● About this exercise
Set down, exactly and only, everything from the line containing "Na Biskupijskom danu" down to the line containing "One electronically tested" in the data below; the pictures are not part of the copy.

● Material to process
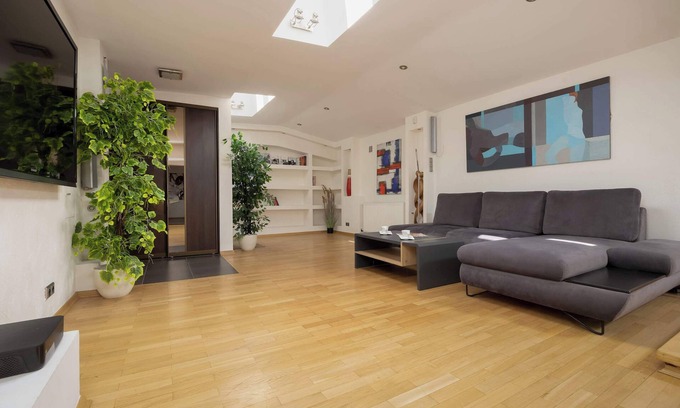 Located in the very centre of Warsaw, this spacious 100 m² apartment offers comfortable accommodation for up to 6 people. The interior has been designed with comfort and functionality in mind, combining modern amenities with a cosy atmosphere. There is a large, bright living room with a comfortable sofa and a flat-screen TV, which is an ideal place to relax and spend time together. The independent kitchen has been fully equipped with essential appliances such as a fridge, hob, oven, dishwasher, kettle, coffee maker and a set of dishes and utensils, allowing you to prepare meals in a homely atmosphere. The two bedrooms, decorated in a warm, atmospheric style, offer comfortable beds and an additional seating area in the form of a sofa, ensuring a peaceful and restorative sleep. A spacious bathroom equipped with a bathtub and shower, washbasin, toilet, washing machine and hairdryer provides full comfort for daily use. The apartment is decorated in a light, muted colour scheme interspersed with colourful accents, giving the interior a pleasant and homely feel. Free Wi-Fi access and cable TV enable both remote work and entertainment. The location in the very centre of the city guarantees easy access to the most important tourist attractions, restaurants, cafés and public transport, making the apartment an ideal choice for both a short stay and a longer holiday in the capital.
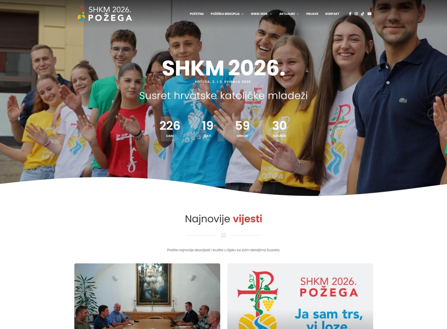 Na Biskupijskom danu u Požegi 20. rujna službeno je predstavljena mrežna stranica predstojećega Susreta hrvatske katoličke mladeži (SHKM), koji će se održati 2. i 3. svibnja 2026. u Požegi, izvijestio je Ured za odnose s javnošću, pisanu baštinu i tisak Požeške biskupije, prenijela je IKA.
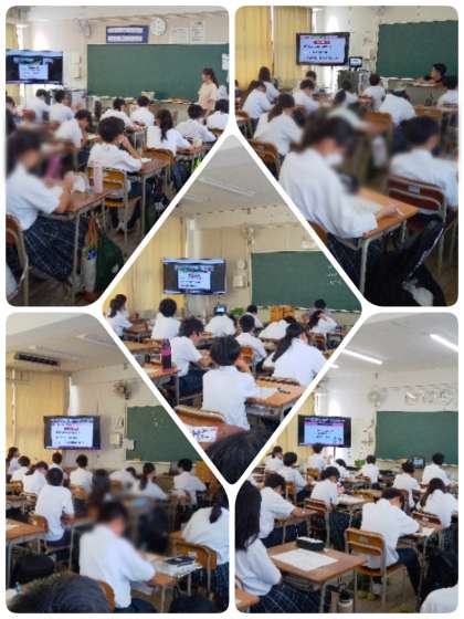 本日1時間目、1年生各教室にてNTT ドコモの方による「スマホ教室」を行いました。
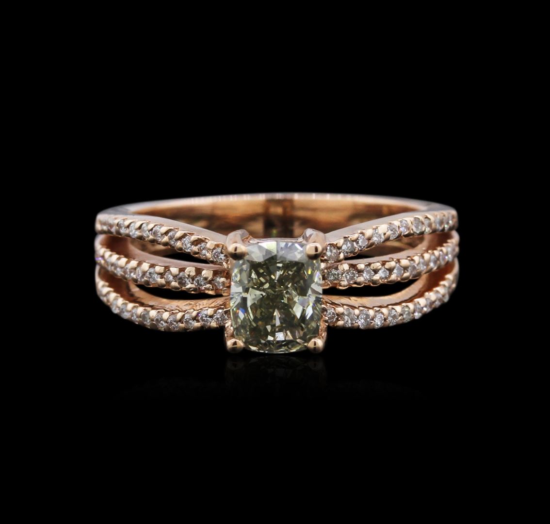 One electronically tested 14KT rose gold ladies cast diamond ring with a bright polish finish. Identified with markings of "14K". Condition is new. Containing: One prong set cushion cut diamond, measuring 6.70 x 5.50 x 4.14mm (depth est.) approximate weight of 1.30ct. Clarity: SI-1, color of Fancy Light Green, Cut is Good. Whether the color of this diamond is of natural origin or an artificial process cannot currently be determined. Sixty-Six prong set round brilliant cut diamonds, measuring 1.20 - 1.20 x 0.72mm (depth est.) approximate total weight of 66 Stones = 0.42ct. Clarity: I-1 to I-2. Color: J - K, Cut is Good. All diamonds are graded in the mounting, unless otherwise stated. Total Weight of Diamonds 1.71ct. Total Weight of Ring 6.00 grams. GGL Appraised at $5,735.00.
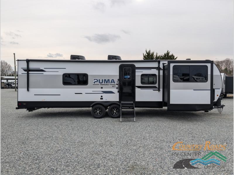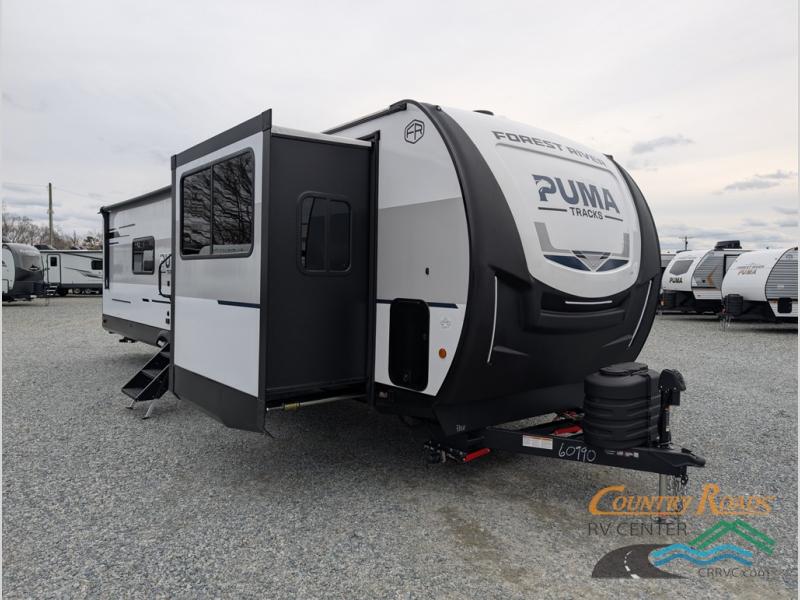 Each Puma Tracks travel trailer by Forest River is constructed with a fully enclosed/heated underbelly for added protection against the elements, plus a fully laminated roof and rear wall for durability. The slam latch baggage doors with magnets will make it easier than ever to pack up your camp gear, and the power awning with LED lights will provide shade during the day and inviting ambiance at night. Head inside to enjoy the roller shades, smoked glass kitchen cabinet doors, stainless-steel sink, and LED lights to keep your space well lit. Some of the available options include a bedroom A/C, a Wi-Fi booster, heated holding tanks, and more!
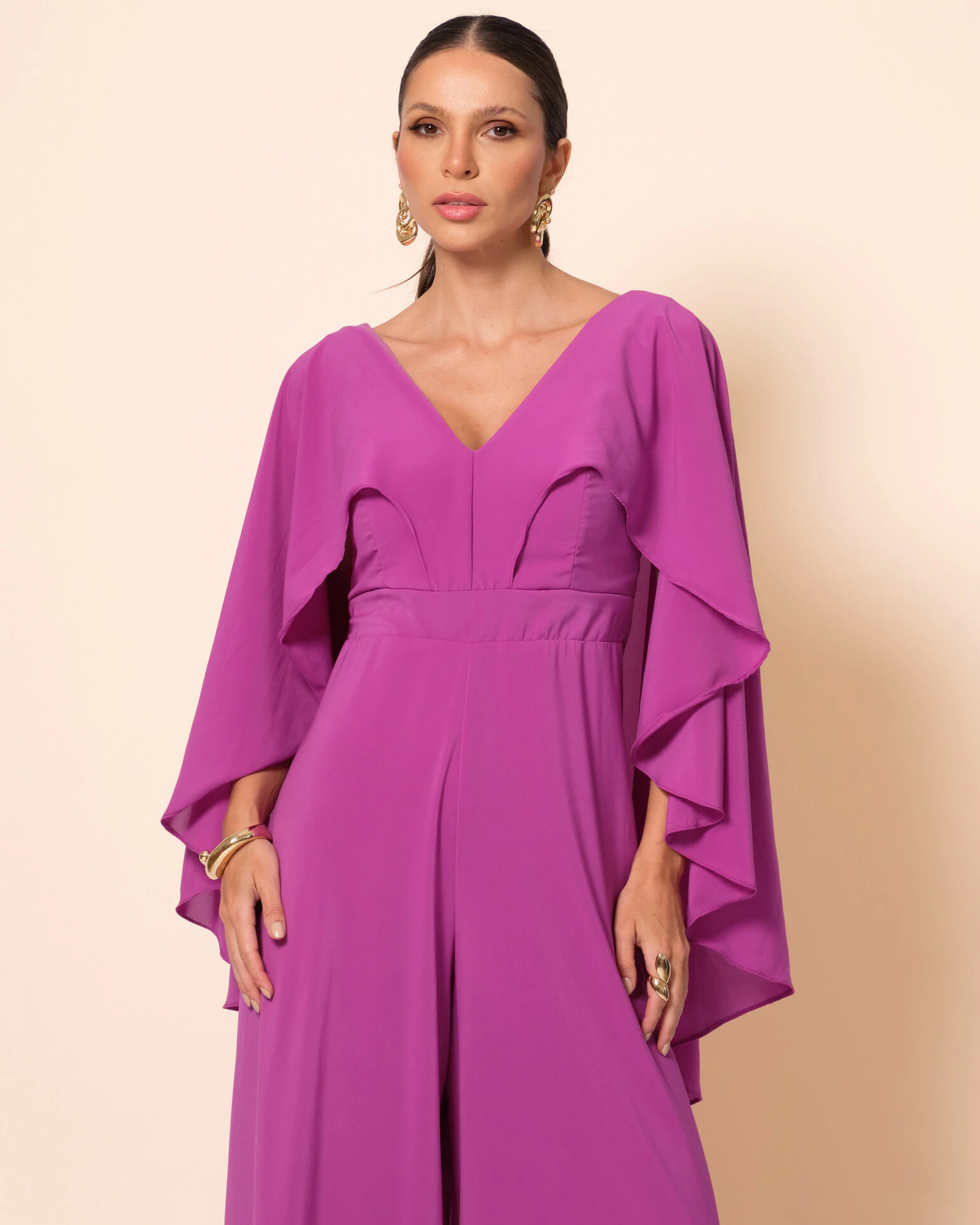 Macacão longo confeccionado em crepe, com caimento leve e elegante, decote em V que valoriza o colo, mangas amplas estilo capa que trazem fluidez ao visual e modelagem reta que alonga a silhueta, unindo conforto e sofisticação em cada detalhe.
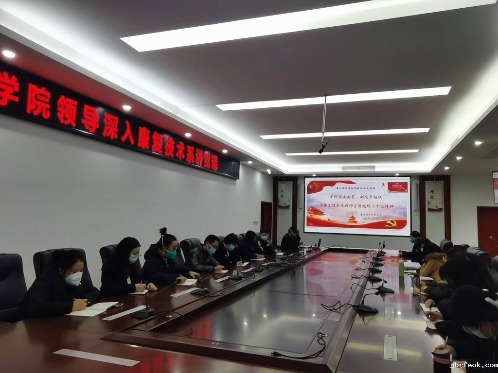 为认真学习、深入领会、大力宣传、全面贯彻党的二十大精神,切实引导全体教职工自觉将思想和行动统一到党的二十大精神上来,12月9日,学院党委委员、副院长赵斌为康复技术系全体教师讲授“学习贯彻党的二十大精神,为学院高质量发展而团结奋斗”专题党课。康复技术系全体教师参加学习,本次党课由康复技术系行辅党支部书记沈林主持。
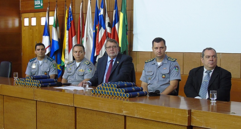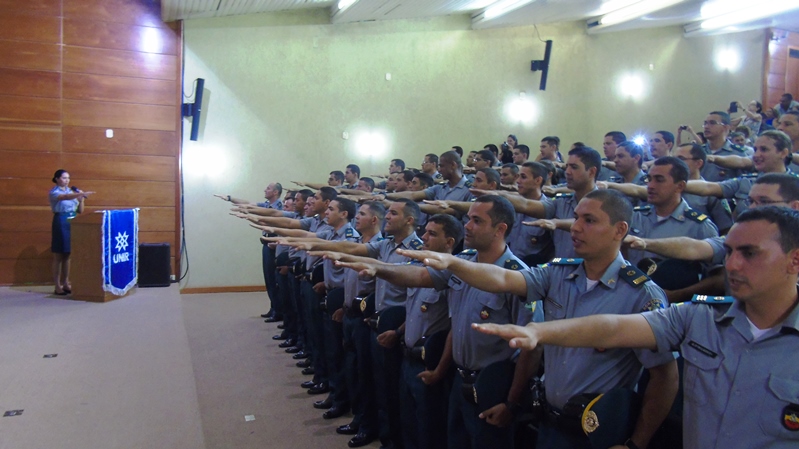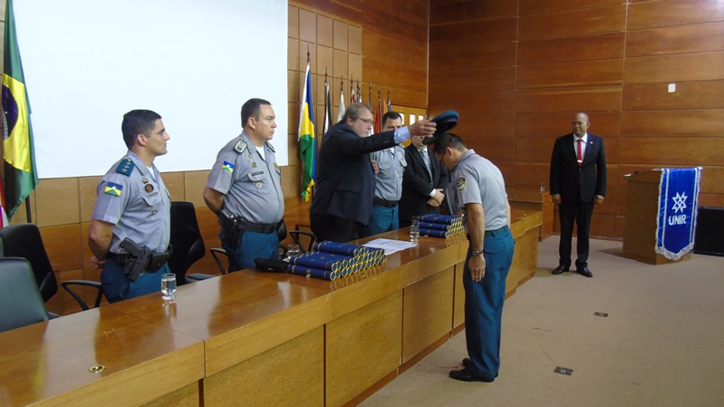 A cerimônia de colação de grau foi realizada no auditório do Tribunal de Contas de Rondônia (TCE/RO) e contou com a participação de autoridades e de familiares e amigos dos formandos. A mesa de cerimônia foi composta pelo reitor pro tempore da UNIR, professor doutor Ari Miguel Teixeira Ott, pelo coordenador do Curso de Segurança Pública, professor doutor Marcus Vinicius Rivoiro, pelo comandante geral da PM/RO, coronel Ênedy Dias de Araújo, pelo subcomandante geral da PM/RO, coronel Clairton Pereira da Silva, e pelo coordenador do Curso de Formação de Oficiais (CFO) da PM/RO, capitão Agleydson Rodrigues Cavalcante.

● Your response
 Na Biskupijskom danu u Požegi 20. rujna službeno je predstavljena mrežna stranica predstojećega Susreta hrvatske katoličke mladeži (SHKM), koji će se održati 2. i 3. svibnja 2026. u Požegi, izvijestio je Ured za odnose s javnošću, pisanu baštinu i tisak Požeške biskupije, prenijela je IKA.
 本日1時間目、1年生各教室にてNTT ドコモの方による「スマホ教室」を行いました。
 One electronically tested 14KT rose gold ladies cast diamond ring with a bright polish finish. Identified with markings of "14K". Condition is new. Containing: One prong set cushion cut diamond, measuring 6.70 x 5.50 x 4.14mm (depth est.) approximate weight of 1.30ct. Clarity: SI-1, color of Fancy Light Green, Cut is Good. Whether the color of this diamond is of natural origin or an artificial process cannot currently be determined. Sixty-Six prong set round brilliant cut diamonds, measuring 1.20 - 1.20 x 0.72mm (depth est.) approximate total weight of 66 Stones = 0.42ct. Clarity: I-1 to I-2. Color: J - K, Cut is Good. All diamonds are graded in the mounting, unless otherwise stated. Total Weight of Diamonds 1.71ct. Total Weight of Ring 6.00 grams. GGL Appraised at $5,735.00.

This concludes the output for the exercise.